You can add special effects to your photos too, and you can see how they'll turn out before you even take the picture. Special effects include vibrant pop art, soft focus and vintage sepia tones. Effects can be added to both stills and video.

Video is 1080i high definition at 60 frames per second. There's a dedicated video button and HDMI output so you can watch your movies on your hi-def TV too.


The camera can snap up to 5 pictures per second for shooting fast-moving action. It has image stabilisation built in to cut down on blurred pictures from shaky hands.


Multi-coloured swap shop

The Pen Mini is about as small as the lens size will allow. The sleek frame comes in black, white, silver, dark brown, purple and pink. Each camera comes with a matching lens ring so you can decorate standard lenses to match your camera. That's probably the widest choice of colours for a lens-swapping snapper, which usually come in conservative black or one or two other colours.

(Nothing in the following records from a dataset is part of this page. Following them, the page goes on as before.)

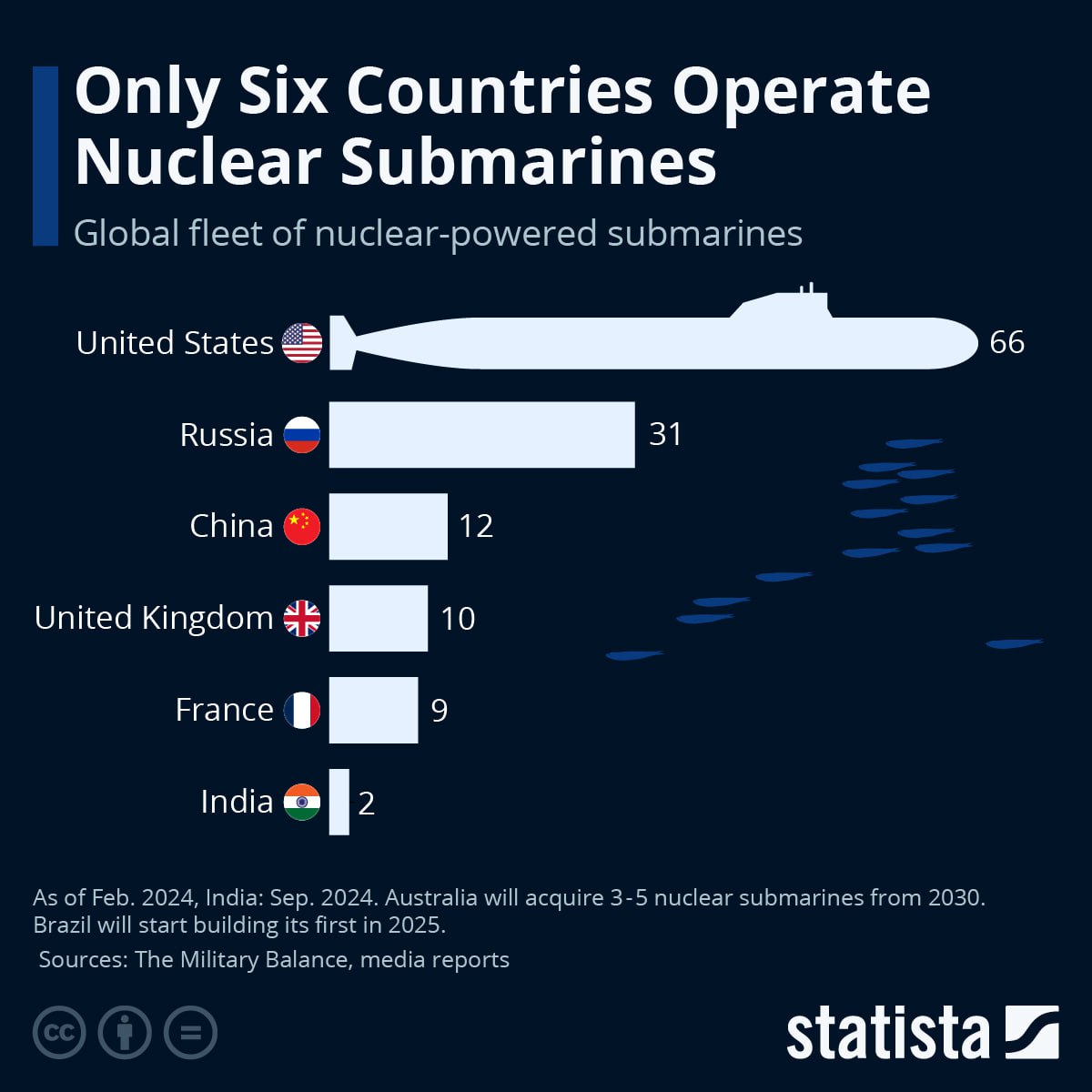 ក្នុងនោះ មហាអំណាចអាមេរិក មាននាវាមុជទឹកនុយក្លេអ៊ែរដល់ទៅ ៦៦គ្រឿង ខណៈរុស្ស៊ី មាននាវាមុជទឹកនុយក្លេអ៊ែរ ៣១គ្រឿង។ ក្រៅពីនេះ មានប្រទេសចិន មាននាវាចំនួន ១២គ្រឿង អង់គ្លេស មាន ១០គ្រឿង បារាំង មាន ៩គ្រឿង និងឥណ្ឌាមាន ២គ្រឿង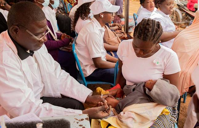 Hình 1. Một trẻ em đang được tiêm vắc-xin sốt rét ở Burkina Faso.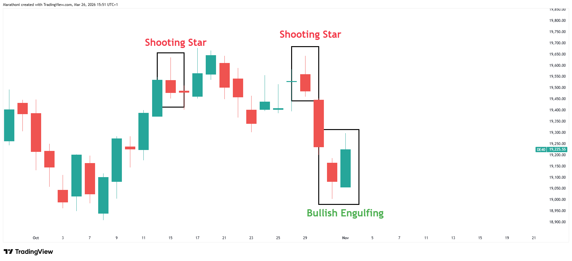 Chartmuster brauchen Zeit, um sich zu entwickeln. Kerzenmuster (Candlestick Patterns) hingegen sind das „Mikroskop“ der Technischen Analyse. Sie bestehen meist nur aus 1–5 Kerzen und zeigen uns den unmittelbaren Kampf zwischen Bullen und Bären in einer sehr kurzen Zeitspanne.

Olympus has put style at the forefront of the Pen range with the kitsch retro styling of the Pen E-PL3 and E-P3, but the PM1 is much more modern-looking. Unfortunately, there's no grip for your right hand, which may be a problem if you've got a larger, heavier lens on the front.


At the top of the camera is a hotshoe to which you can attach a flash, viewfinder or other accessories, including a wireless unit that sends photos to a computer or the Web without needing a cable. The lack of viewfinder or flash built-in means you can only choose one or the other, although a tilting flash is included with the camera, so you don't have to fork out more money to shed more light on a subject.


The Olympus Pen Mini E-PM1's cuddly name and rainbow of colourful options make it perhaps the most beginner-friendly of the lens-swapping cameras on the market. The slimmed-down design is hobbled, however, by the fact you need to bolt on accessories such as a flash or viewfinder on the top.